Websites that have the same scheme and the same eTLD+1 are considered “same-site”. Websites that have a different scheme or a different eTLD+1 are “cross-site”.
Now you are confident to tell whether your back-end is considered same-site to your front-end or not before you try to use Anti-CSRF tokens.
For more details on how to implement this solution please check my comprehensive implementation of anti-CSRF/XSS React.js client-side authentication linked in the below resources part.
Security and Convenience: The Clashing UX Requirements of Authentication
When designing the authentication user experience, convenience and level of security are often at odds.
More Secure
- Secondary Authentication Method (2FA)
- No persistent login ‘remember me’ (closing the tab/browser logs the user out)

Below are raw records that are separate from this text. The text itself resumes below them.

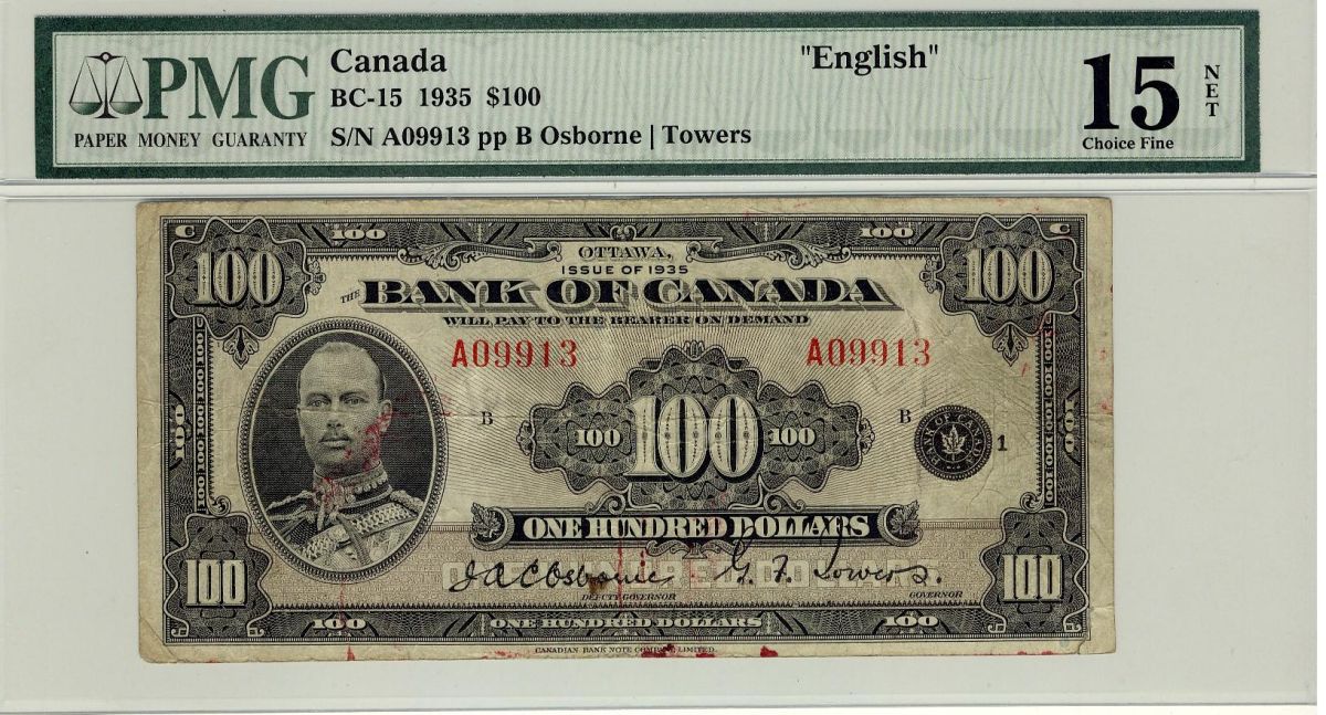 1935 $100 BC-15 #A09913 PMG F15 NET Corner Tear, Ink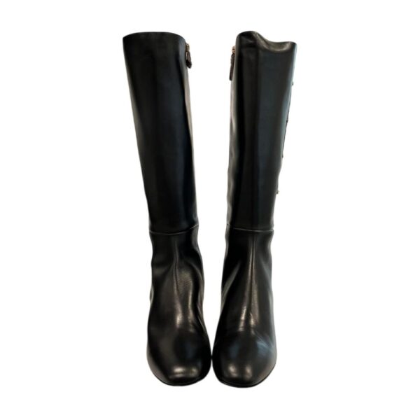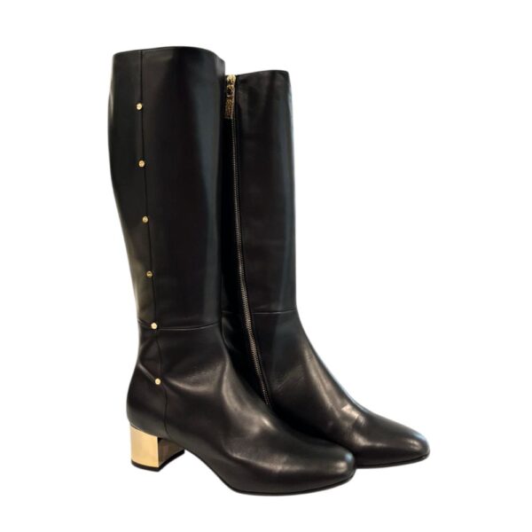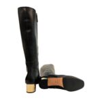 Unleash your inner trendsetter with Borbonese’s exquisite long boots, crafted to perfection in opulent genuine leather. Made in Italy, these boots are the epitome of chic with their timeless black hue and a comfortable low heel for all-day wearability. The gleaming gold metallic accents provide just the right amount of sparkle, making them a dazzling addition to your footwear collection. Elevate your style with the effortless elegance of Borbonese.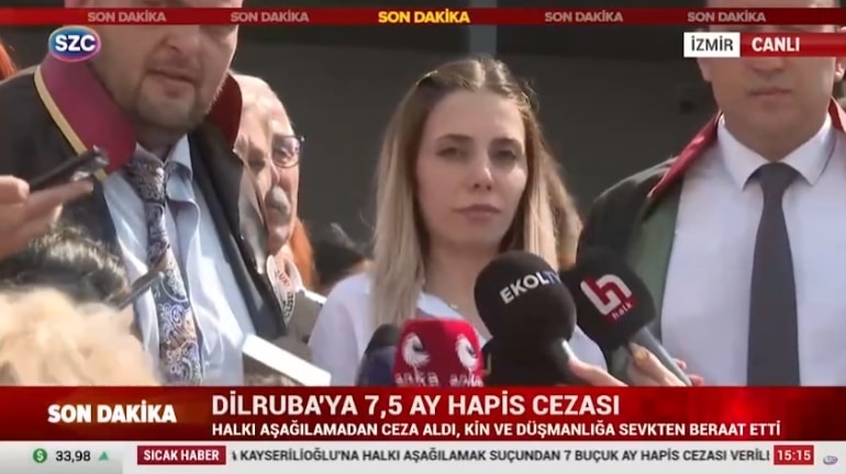 Sokak röportajındaki ifadeleri nedeniyle tutuklanan ve 18 gün sonra tahliye edilen Dilruba Kayserilioğlu bugün hakim karşısına çıktı. Dilruba Kayserilioğlu 7.5 ay hapis cezası verildi. Halka aşağılama suçundan ceza alan Dilruba Kayserilioğlu kin ve düşmanlığa sevkten beraat etti. Hükmün açıklanması geri bırakıldı, Kayserilioğlu cezaevine girmeyecek.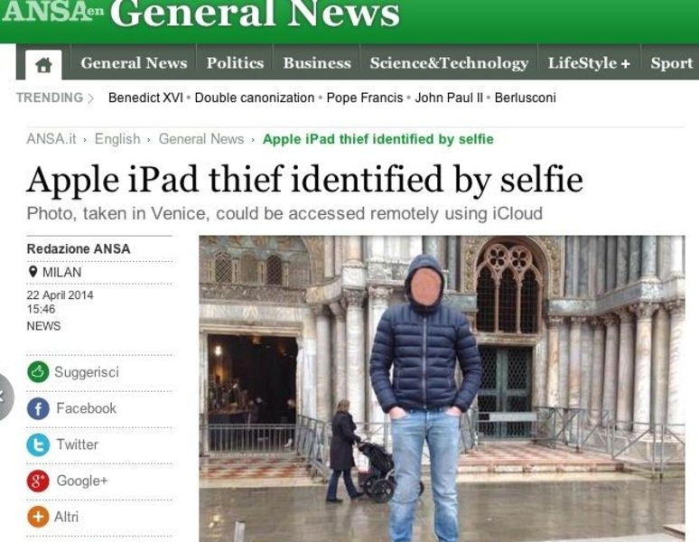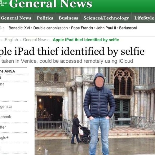 Гражданин Италии (из Милана) украл iPad и сделал с его помощью селфи. Фотография загрузилась на iCloud, после чего вора быстро вычислили и арестовали.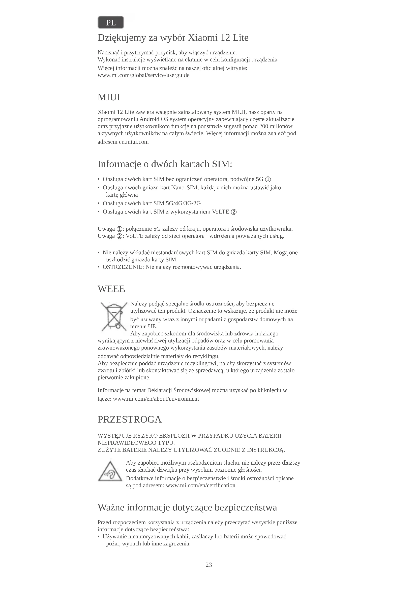 INSTRUKCJA OBSŁUGI 12 Lite Xiaomi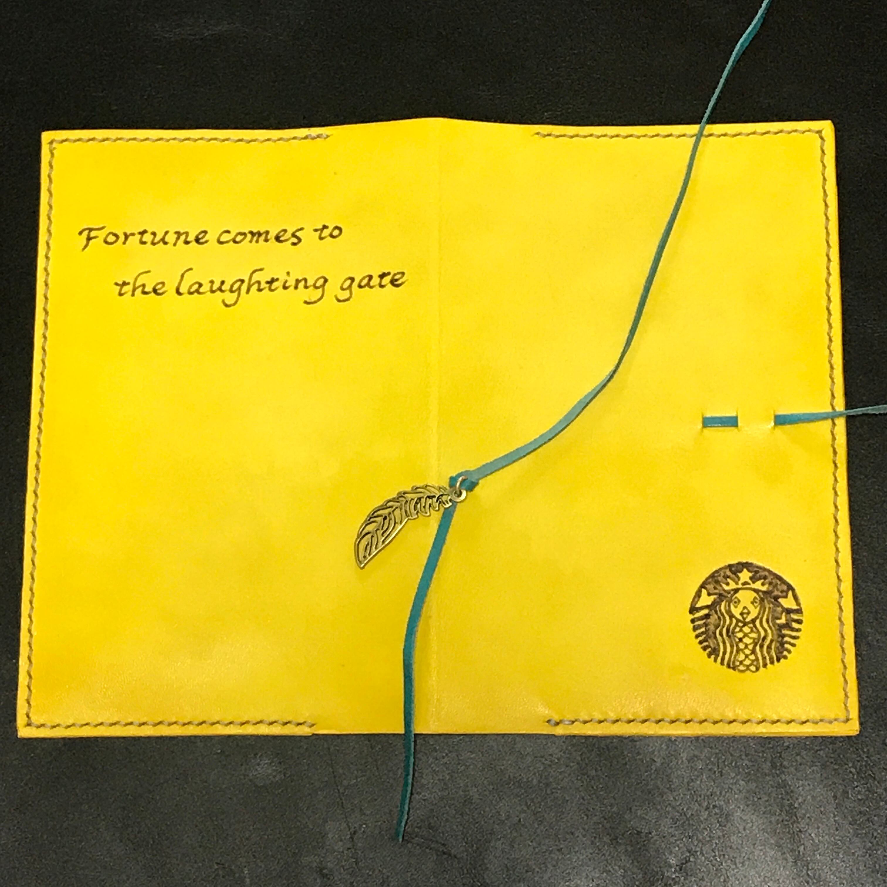 (この商品はレモンイエロー単色、ご希望の文字とイラストをレザーバーニング)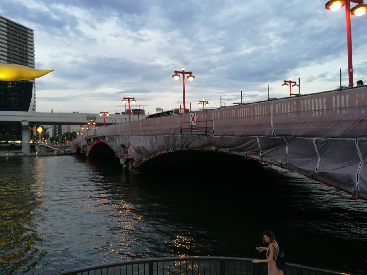 浅草から黄金のオブジェのあるアサヒビールのビルへ隅田川を渡る橋が吾妻橋ですが、現在の橋は関東大震災で壊れてしまった橋を昭和4年から工事を初めて2年越しの昭和6年に完成した、鉄筋コンクリート製のもの。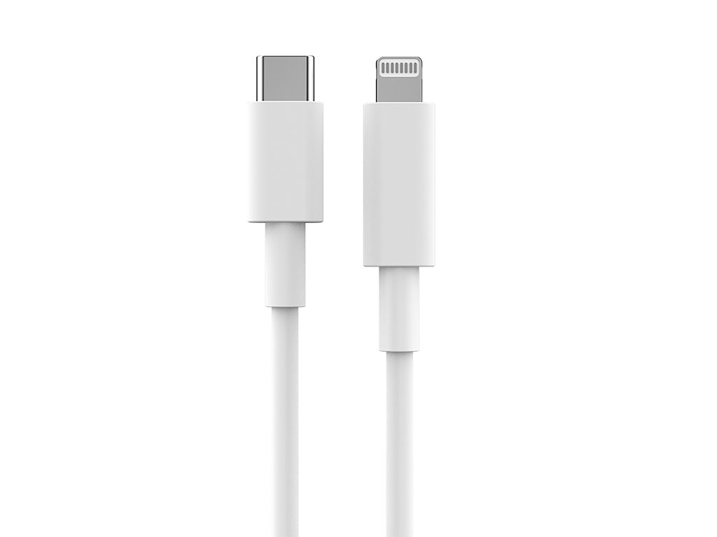 Kabel do transmisji danych i ładowania BOT, USB-C do Lightning, biały design, USB 2.0, 480 Mb/s, długość 1 m.
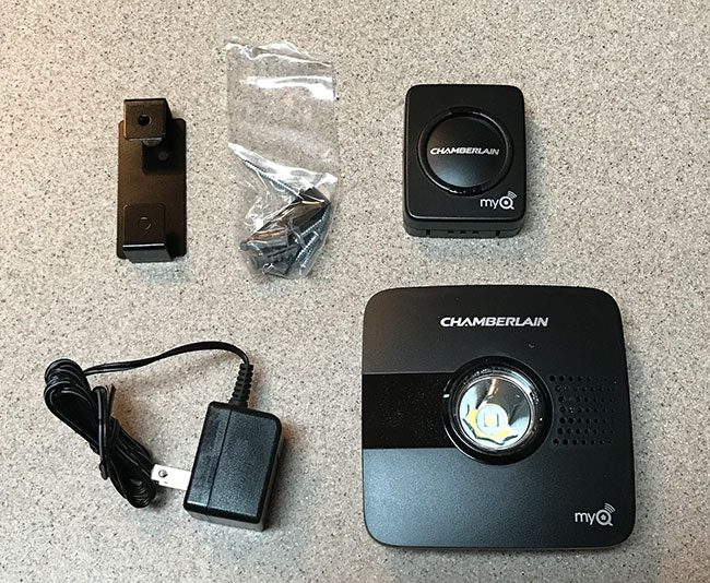 MYQ garajını satın aldıktan sonra kutuyu açın. Aşağıdaki resimde gösterilen öğeleri almalısınız. Wi-Fi merkezinin arkasındaki bir etikette bulunan seri numarasını not ettiğinizden emin olun.

- Inactivity timeout (leaving the tab/window open but not using the site for X amount of time logs the user out)
More convenient for the user
- Username and password only
- Remain logged in across browser sessions
- Remain logged in indefinitely regardless of activity
According to the above explanation you may ask, what is the point of keeping the token in the memory when the users have to call the refresh-token route every time they close the tab and re-open it or do a hard refresh? well, that is a valid question.
Let’s look at the drawbacks of our anti-CSRF tokens
1- If the auth service is down and the refresh request fails the user is kicked out!
2- If a refresh-token request takes time to resolve, it affects UX badly.
3- If the user base of the application is high, it means more load on the server which is relative by the way because not all the users will do a hard refresh.
Depending on the needs of the business and the user experience standards things can vary a lot, but knowing the root causes of a CSRF attack and preventing it by the means at hand is the very root of each solution that you will provide for your own case and I focused to share that part other than more than anything in this article.
For example, you can set a strong CSP policy for your web application to prevent XSS along with strict sameSite cookies with secure options with a little bit of encryption and you will be fine!
Another example is to use JWT tokens divided into two parts, its signature in httpOnly, and the rest in a normal JS-accessible cookie.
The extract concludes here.